The symbolically named Rae Newborn faces her demons, both imaginary and real, and at the same time she solves the mystery surrounding her great-uncle´s disappearance. Building her house becomes (of course) a metafor for healing, and bit by bit she opens up and is drawn in to the community around her. The novel is "Folly" by Laurie R King, and it´s the most Jungian novel I think I have ever read. In Jungian symbolism, the house is a symbol for the Self, and Desmond´s and Rae´s house has two stone towers, one for each of them. Those of you who have read Jung´s memoars know that he built his own tower. Clues come to Rae in dreams, and she and the reader is given the chance to see beyond the obvious, but both of us (she and this particular reader) are pretty surprised when the reckoning comes.
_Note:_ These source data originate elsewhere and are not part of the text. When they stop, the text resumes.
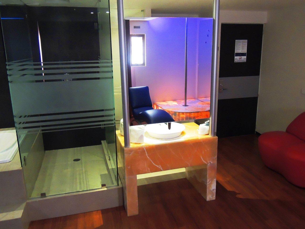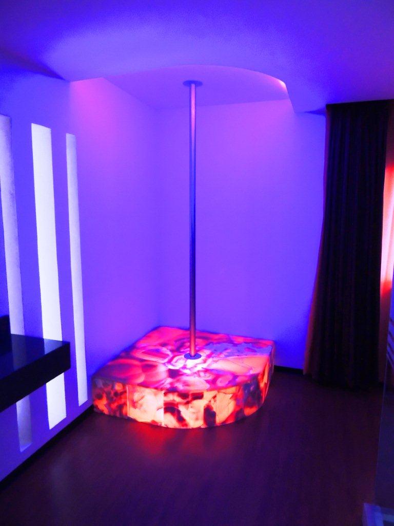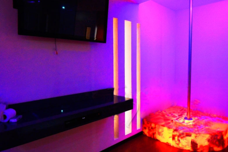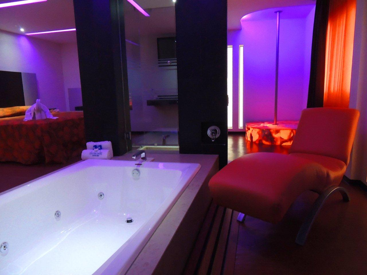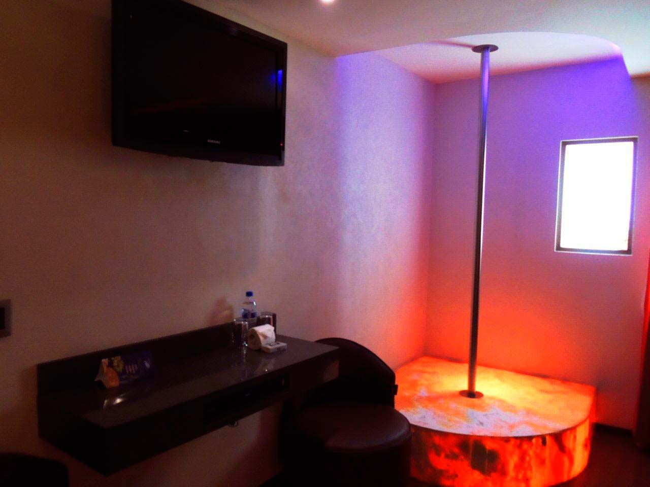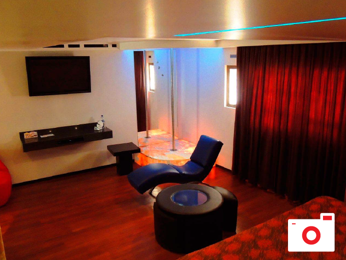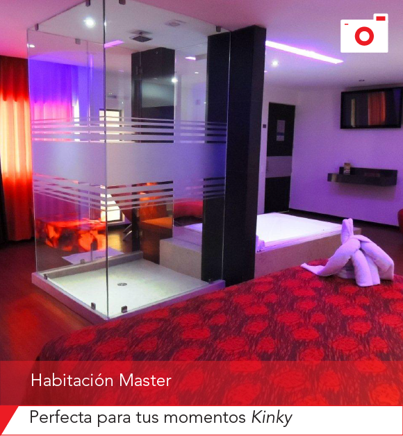 del HOTEL EJE VILLAS & SUITES, donde vas a disfrutar de amplios espacios y atracciones que no pueden faltar para enriquecer tu momento kinky, como el potro del amor y tubo para pole dance iluminado, que te cautivan al acompañarse por una pantalla gigante y el audio en sistema home theater.
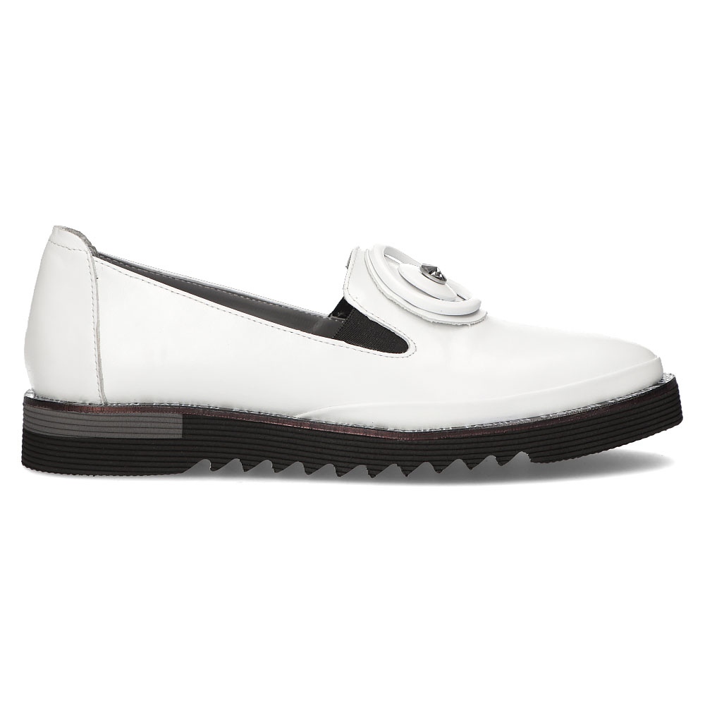 Okrągły nosek oraz płaski obcas, o wysokości 3 cm, zapewniają komfort noszenia przez długie godziny, a wsuwane zapięcie sprawia, że zakładanie i zdejmowanie butów jest szybkie i praktyczne. Wnętrze obuwia wyłożone jest również skórą naturalną, co dodatkowo podnosi komfort oraz higienę użytkowania.
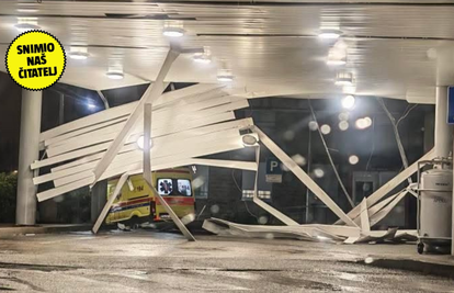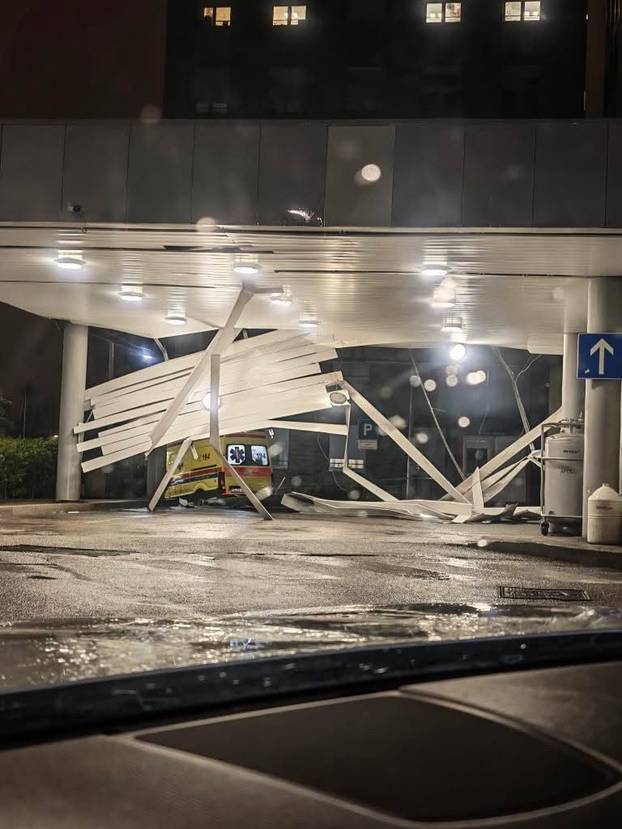 Zbog olujnog nevremena koje je zahvatilo Zagreb, oštećen je dio nadstrešnice iznad Objedinjenog hitnog bolničkog prijama KBC-a Zagreb
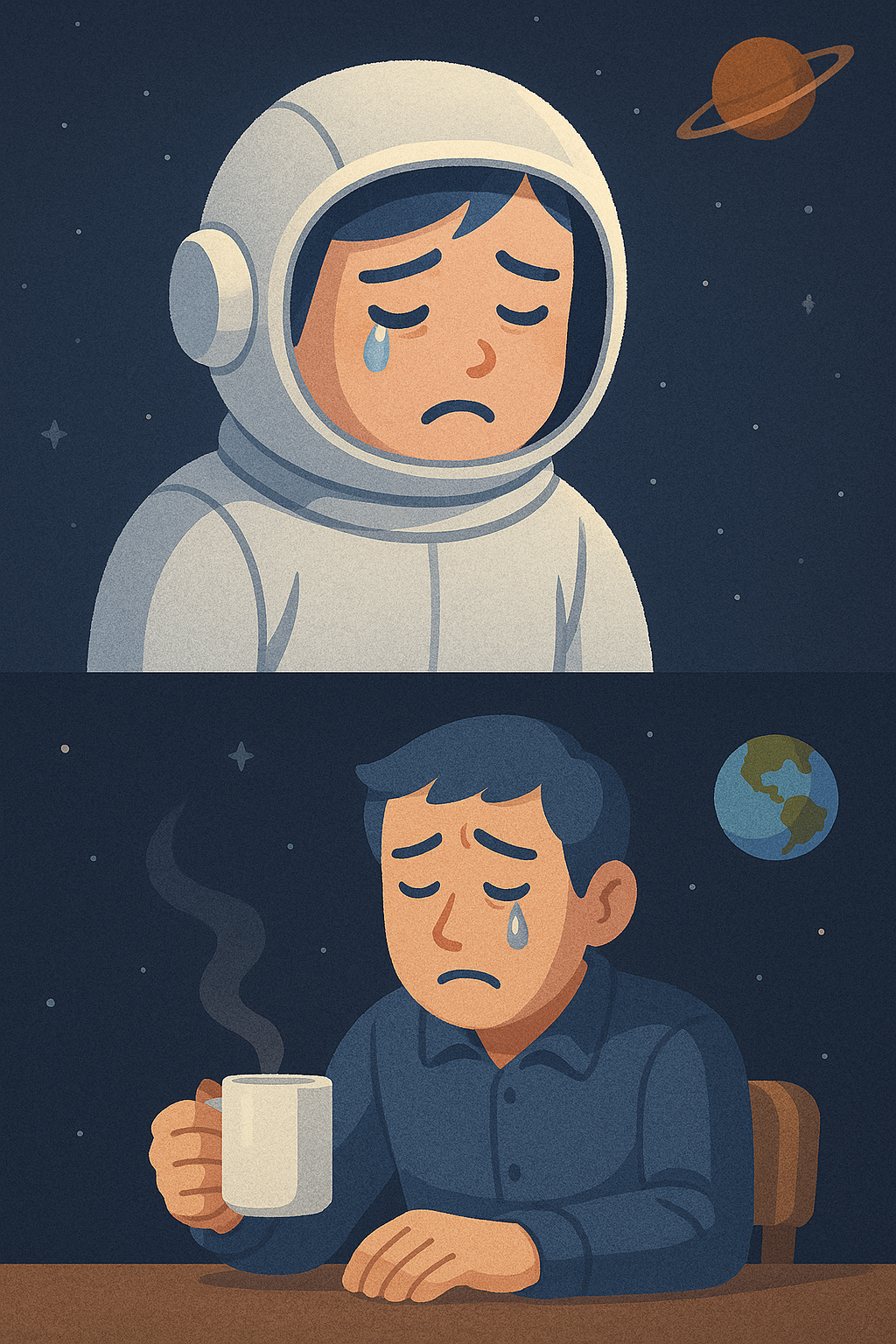 - 우주에서도 사람은 슬프고, 기쁘고, 감정이 북받칠 수 있습니다.
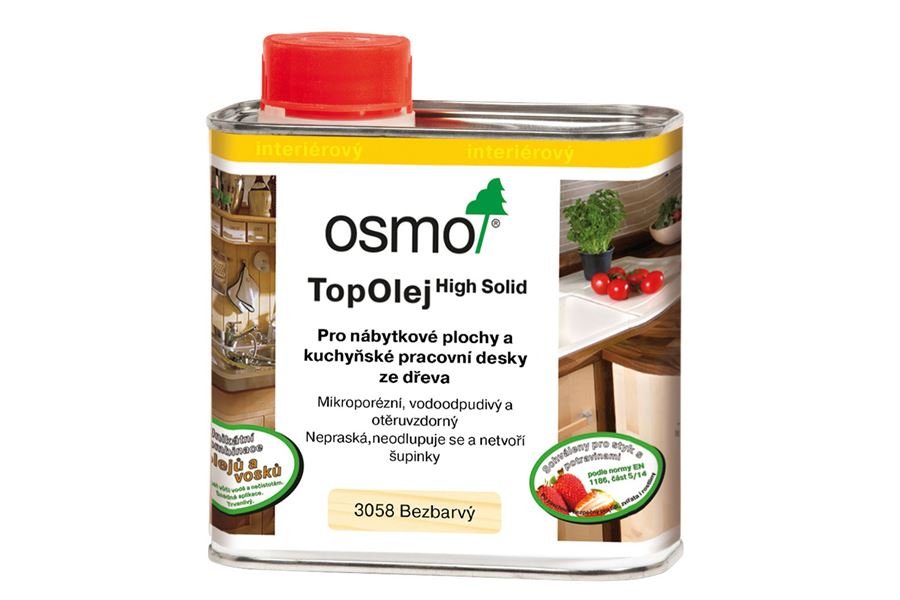 - Osmo olej pro nábytkové plochy a kuchyňské pracovní desky ze dřeva TopOlej High Solid bezbarvý matný (3058) 500 ml
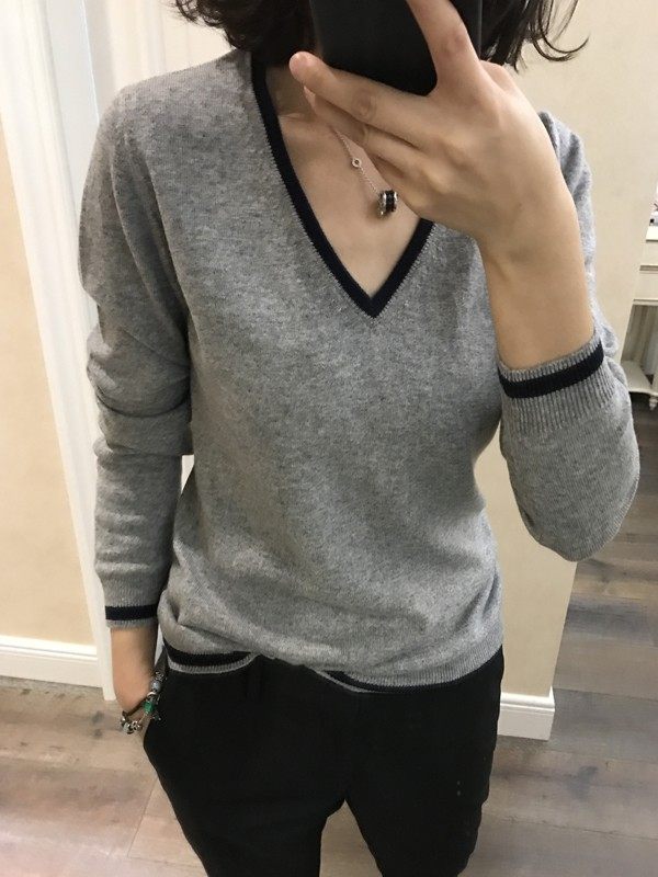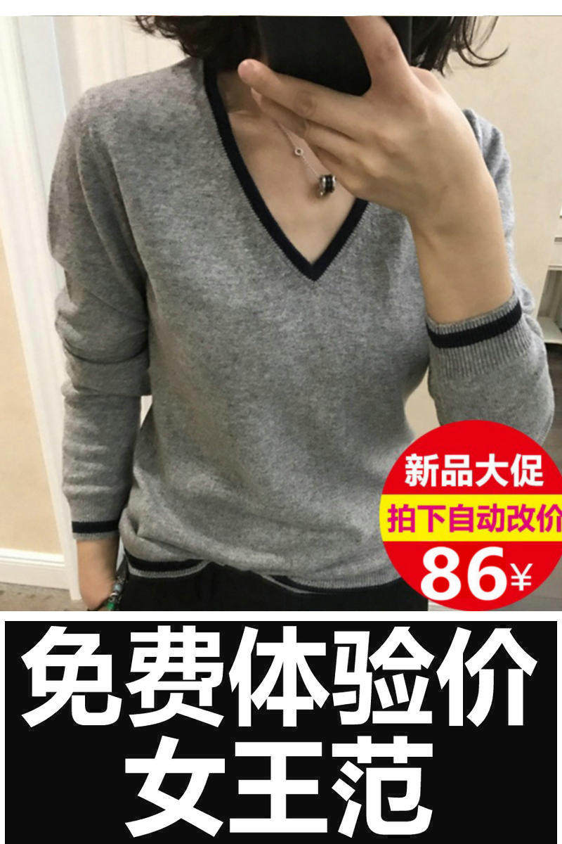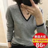 Демисезонный базовый приятный телу свитер, трикотажный шерстяной короткий комплект, V-образный вырез, свободный крой
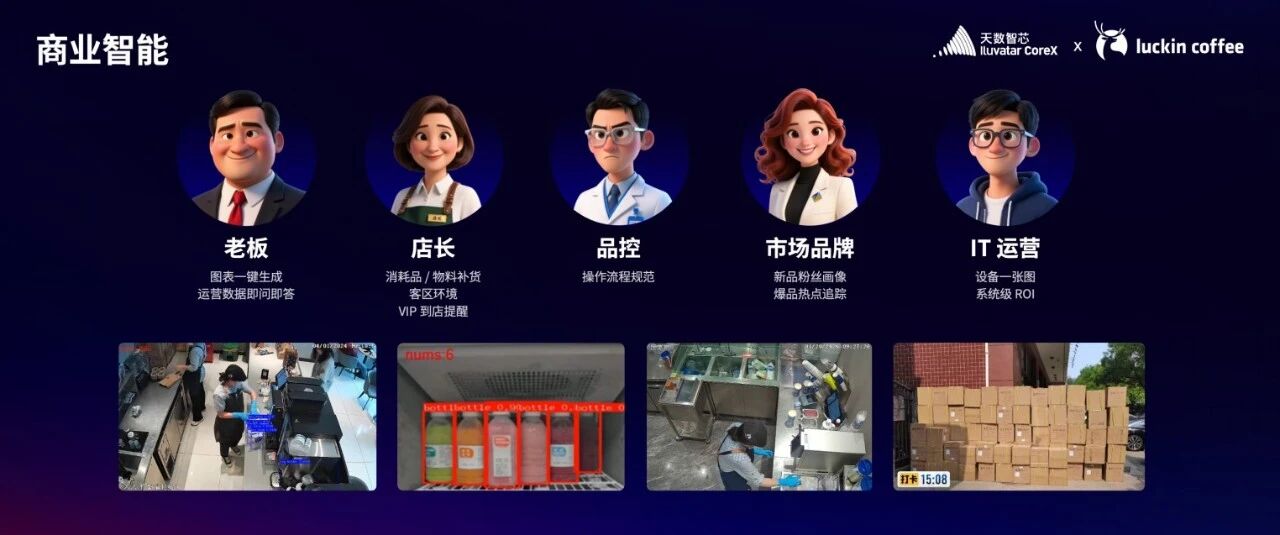 在商业智能领域,天数智芯与瑞幸咖啡达成战略合作。迄今为止,天数智芯的AI算力已在瑞幸咖啡全国范围内的数千家门店部署。不仅能够处理分析实时视频流,也可以深度挖掘数据价值,盘活数据资产,释放增量空间。
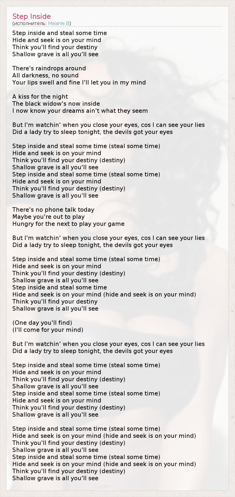 Step inside and steal some time Hide and seek is on your mind Think you'll find your destiny Shallow grave is all you'll see There's raindrops around All darkness, no sound Your lips swell and fine I'll let you in my mind A kiss for the night The black widow's now inside I now know your dreams ain't what they seem But I'm watchin' when you close your eyes, cos I can see your lies Did a lady try to sleep tonight, the devils got your eyes Step inside and steal some time (steal some time) Hide and seek is on your mind Think you'll find your destiny (destiny) Shallow grave is all you'll see Step inside and steal some time (steal some time) Hide and seek is on your mind Think you'll find your destiny (destiny) Shallow grave is all you'll see There's no phone talk today Maybe you're out to play Hungry for the next to play your game But I'm watchin' when you close your eyes, cos I can see your lies Did a lady try to sleep tonight, the devils got your eyes Step inside and steal some time (steal some time) Hide and seek is on your mind Think you'll find your destiny (destiny) Shallow grave is all you'll see Step inside and steal some time Hide and seek is on your mind (hide and seek is on your mind) Think you'll find your destiny Shallow grave is all you'll see (One day you'll find) (I'll come for your mind) But I'm watchin' when you close your eyes, cos I can see your lies Did a lady try to sleep tonight, the devils got your eyes Step inside and steal some time (steal some time) Hide and seek is on your mind Think you'll find your destiny (destiny) Shallow grave is all you'll see Step inside and steal some time (steal some time) Hide and seek is on your mind Think you'll find your destiny (destiny) Shallow grave is all you'll see Step inside and steal some time (steal some time) Hide and seek is on your mind (hide and seek is on your mind) Think you'll find your destiny (destiny) Shallow grave is all you'll see Step inside and steal some time (steal some time) Hide and seek is on your mind (hide and seek is on your mind) Think you'll find your destiny (destiny) Shallow grave is all you'll see

The book is a thriller, a suspense drama, but also a very good portayal of a woman psychologically frail, and an excellent depiction of what it can be like to have a selfish, manipulative person as part of your family. And one thing that I think King does so well: she can really do happy, harmonious relationships, great friendships and love affairs, without making them boring and too-good-to-be-true. King does not turn away from the shit that happens, she often returns to the trauma of war, particularly the Great War, but she also recognizes that there is profound goodness in the world, that there are many people out there who work in silence and without reward for the good of others. I recognize all of it in my own personal life, and it feels reassuring to read someone who has that same experience.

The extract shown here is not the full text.